If the prey is small then it is killed by a bite on the neck thus cutting the spinal cord; if it is a large prey, then the Siberian tiger grabs it by the neck and suffocates it by squeezing the trachea.
Once killed, it is dragged to one side and then eaten. If the prey is large and is not eaten all at once, then the tiger hides it with grass and earth, to prevent other animals from eating it, to feed on it later.
The Siberian tiger can eat up to 50 kg of meat in one meal.
REPRODUCTION AND GROWTH OF CHILDREN
Mating between these animals can take place at any time of the year even if it preferably occurs during the winter period.
Once the female the female Siberian tiger signals to the male with the urine and with the scratches on the tree trunks its willingness to mate, the two live together for 2-3 days before mating and, once this has happened, the male leaves the female who will be the only one to take care of the offspring.
Gestation lasts about 4 months and 2 to 3 puppies are delivered.
Weaning takes place when the chicks have reached 6 months of age even if already from the age of 2-3 months the mother begins to bring small prey to the little ones.
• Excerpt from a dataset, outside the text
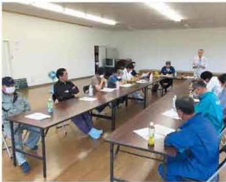
石狩市厚田区発足会館の様子

9月上旬、営農販売部営農企画課では、当別、西当別、厚田、浜益の各地区会館など計11会場において営農技術研修会を実施しました。 研修は収穫期を迎える水稲、大豆の適期刈取りに関する内容の他、秋まき小麦の播種に関連して、土壌の雑草対策及び透排水対策、また、pHの適正化など基本技術の確認を中心に行われました。 講義を行った主任技師からは、今年には好天に恵まれ水稲で平年より2〜3日早く生育が経過していることから、収穫適期を逃さないようアトバイスがありました。また、小麦の倒伏防止に向け、適期播種と適正播種量について説明がありました。

The young when they are six months old begin to follow their mother in the hunt to learn and stay with her until the age of about two to three years.
The Siberian tiger has no natural enemies, except man. Small males can be killed by adult males.
STATE OF THE POPULATION
The Siberian tiger is classified on the IUNC Red List as an animal at very high risk of extinction ENDANGERED (EN) with less than 400 examples worldwide.
The biggest threat today for the Siberian tiger is the man who destroys its natural habitat, relegating it to increasingly marginal and food-poor areas.
SOCIAL, ECONOMIC AND ECOSYSTEM IMPORTANCE
The Siberian tiger is very important in the ecosystem to control the population of large herbivores.
It is an animal that constitutes a great resource for zoos and natural areas controlled by man, as an important economic resource (ecotourism).
Although there are now few specimens left, poaching is unfortunately still widespread as its fur is considered very valuable for making carpets.
If all the puppies were to die within five months of giving birth, the mother is able to give birth to another litter.
Traditional Chinese medicine has used parts of the tiger for many years to prepare medicines for example to become as strong and ferocious as this animal.
To hear the noises emitted by this animal, go to the article: The sounds made by the tiger
(1) Withers: region of the body of the quadrupeds between the upper edge of the neck and the back and above the shoulders, in practice the highest area of the animal's body.